Considerable investment in capital and operating expenditure may be required to implement the technology, so choosing the right line-up is essential for a dependable return on investment. It is also essential for facilities to develop a long term plan that accounts for any future tightening in SO2 emission specifications.

Process designers tend to favour generic amine based tail gas treating units (TGTU) to increase the sulphur recovery efficiency of sulphur recovery units (SRU). Although these are reliable, and potentially achieve emission based objectives, considerable capital and operating expenditure savings may be possible by considering alternative technologies or process configurations such as SCOT Ultra, Shell Cansolv TGT+ and Thiopaq O&G line-ups. Each has its own merits, with considerations such as acid gas quantity, quality and contaminant type, local SO2 emission standards (short term and long term) and proximity to sulphur/sulphuric acid markets. The type of development, brown- or greenfield, will also have an influence.

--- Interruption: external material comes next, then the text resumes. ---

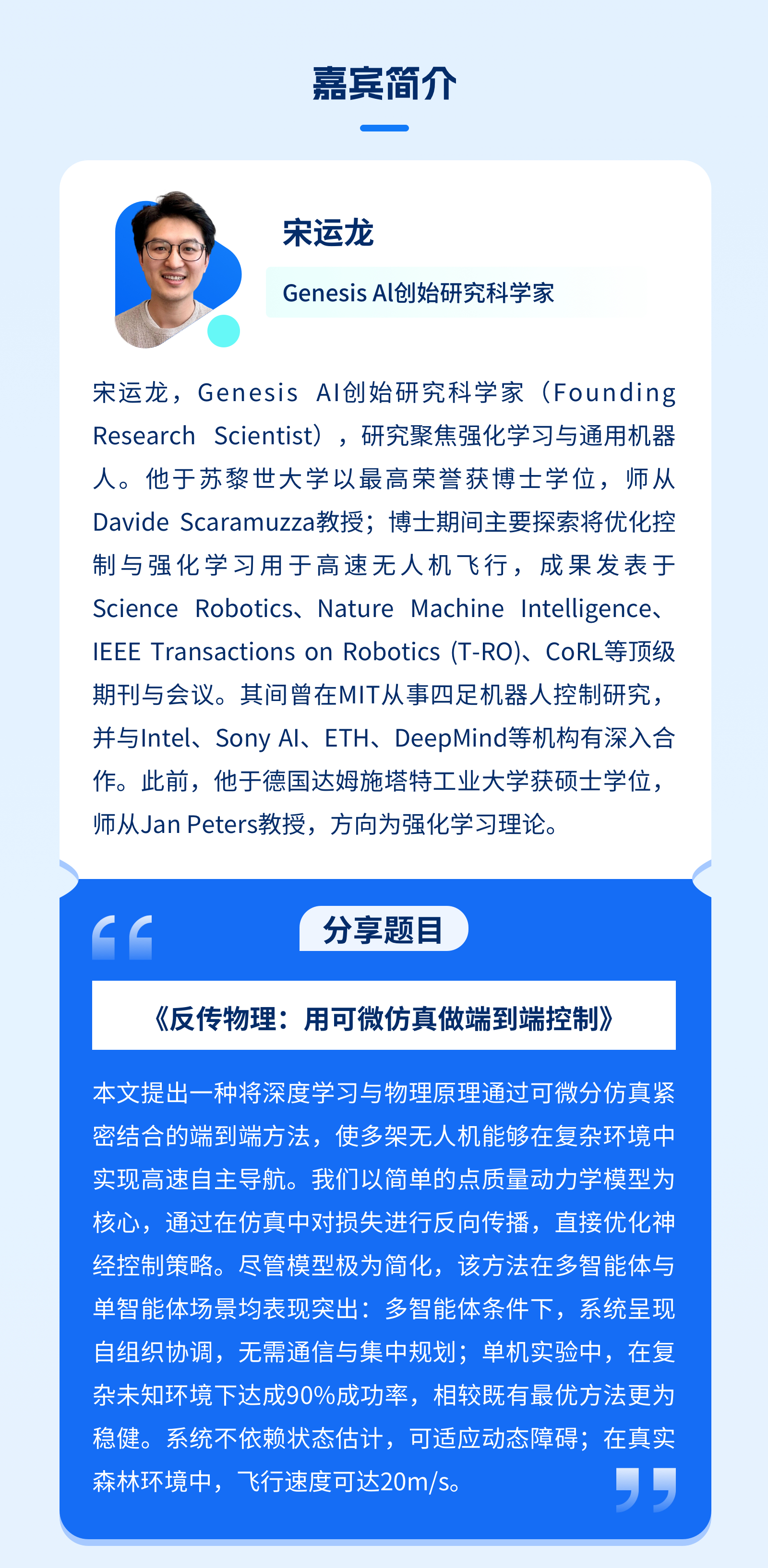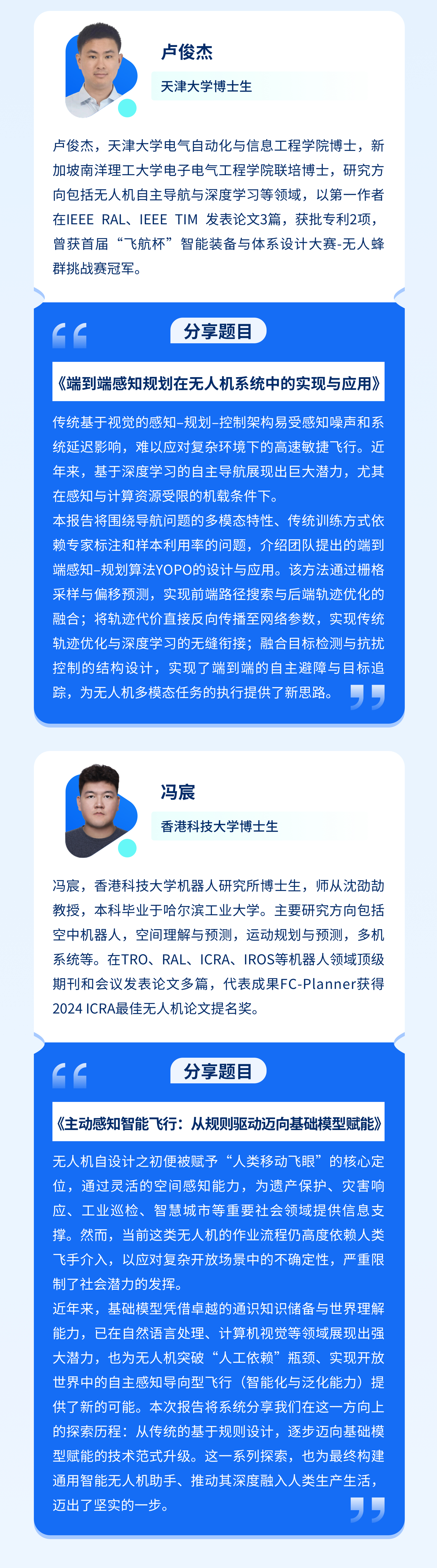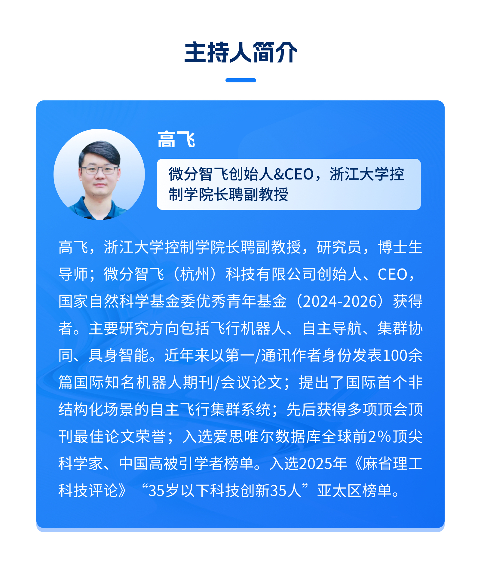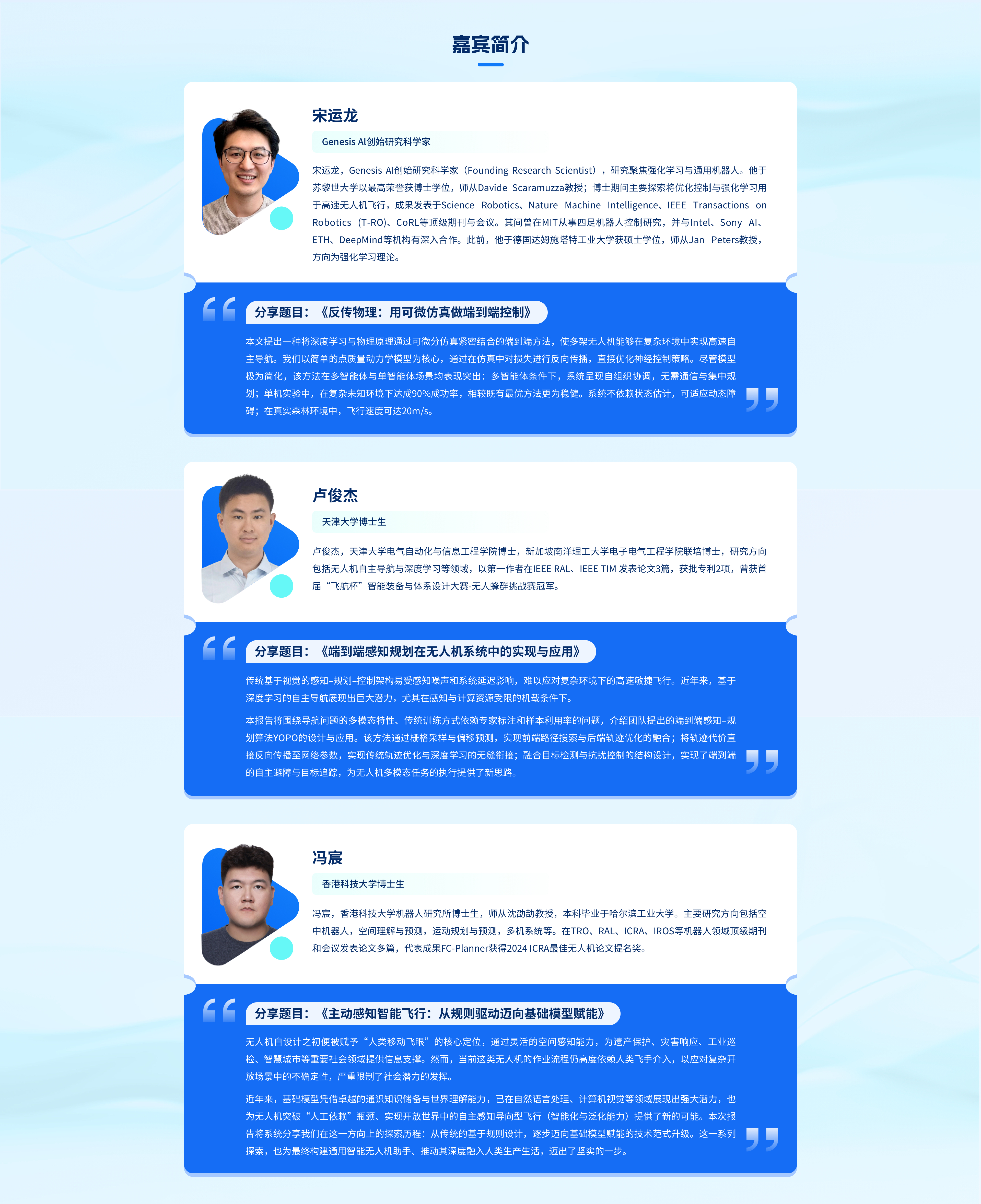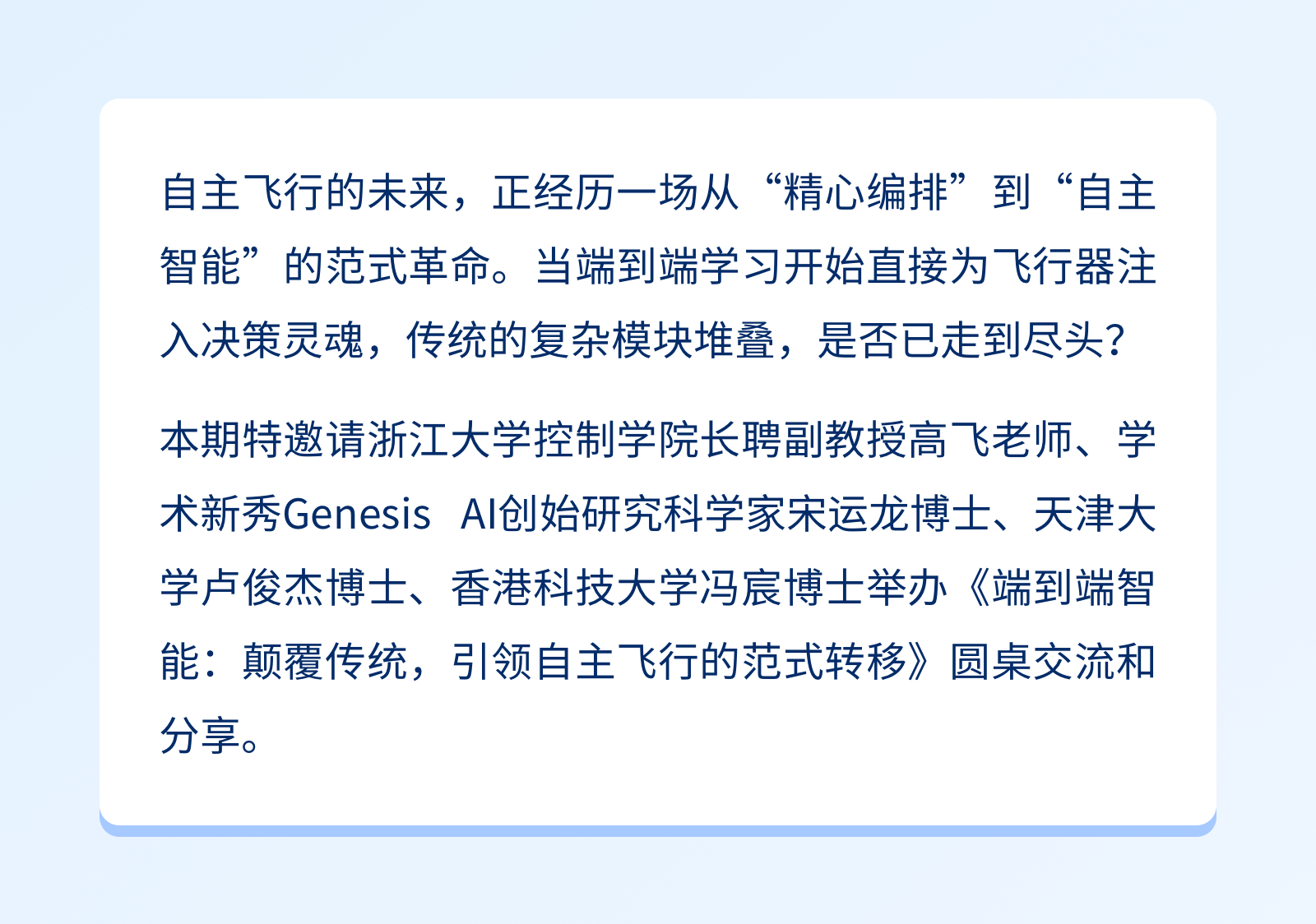 本期特邀请浙江大学控制学院长聘副教授高飞老师、学术新秀Genesis AI创始研究科学家宋运龙博士、天津大学卢俊杰博士、香港科技大学冯宸博士举办《端到端智能:颠覆传统,引领自主飞行的范式转移》圆桌交流和分享。

This article analyses three separate scenarios, looking at a high level assessment of the potential line-ups and quantifying the benefits of the new high performance alternatives in the context of more stringent SO2 emission limits:
• Scenario A: utility constraints (chilling and/or steam)/Capex
• Scenario B: lean and very lean acid gases/high organic sulphur in feed
• Scenario C: low SRU flame temperature/limitations on LP steam/plot plan restrictions.

Scenario A: maximum performance with minimum investment to meet stringent SO2 regulations
Consider a scenario with the following acid gas feed to a two stage Claus unit which has to meet World Bank Standards (WBS) – 150 mg SO2/Nm3 – emission levels:
• Hydrogen sulphide (H2S): 60 vol%
• Carbon dioxide (CO2): 30 vol%
• Benzene, toluene, ethyl benzene and xylenes (BTEX): 0.1 vol%.

Applicable line-ups
Typical conventional line-ups (see Figure 1a) use generic amines in the TGTU to remove H2S from the Claus tail gas sent to the incinerator. Although this is a proven process line-up, the often overlooked downside is that the circulation rate required for generic amines to achieve WBS emission targets is quite high, which brings high utility consumption in the form of low pressure steam for reboilers and cooling duty for condensers and solvent coolers.

To overcome this high additional cost, Shell Global Solutions recently developed the SCOT Ultra process (see Figure 1b), which offers a step change in the performance of the established SCOT process. It features Shell and Huntsman Corporation’s jointly developed highly selective Jefftreat Ultra family of solvents, which can achieve deep decreases in H2S emissions and improved selectivity for H2S over CO2.

In addition, it features Criterion Catalysts & Technologies’ (Criterion) C-834 high activity, low temperature SCOT catalyst, which adds further value by increasing the destruction of carbonyl sulphide (COS) in tail gas by 50-60% compared against conventional catalyst.

In addition to meeting more stringent emission regulations and delivering enhanced destruction of COS in tail gas, operators can benefit from lower operating costs when using the SCOT Ultra line-up. The TGTU converter can be run at a lower temperature, which gives operators the opportunity to prolong cycle length and reduce energy consumption by using indirect heating instead of line burners. A significant reduction in solvent circulation rate, combined with improved H2S removal performance at higher temperatures, is achieved in the TGTU absorber through the highly selective solvent, which translates into reduced steam, cooling and power costs, and facilitates much lower energy requirements.

To quantify the benefits, the impact on capital and operating expenditure for the TGTU section using the SCOT Ultra process is shown in Figure 2. A TGTU with a generic methyl diethanolamine (MDEA) solvent and a TGTU with a formulated MDEA solvent operating at 50°C are compared with SCOT Ultra technology at 60°C solvent temperature. In this scenario, the solvent circulation rate could be reduced by 50% with SCOT Ultra compared to a TGTU with a generic MDEA solvent.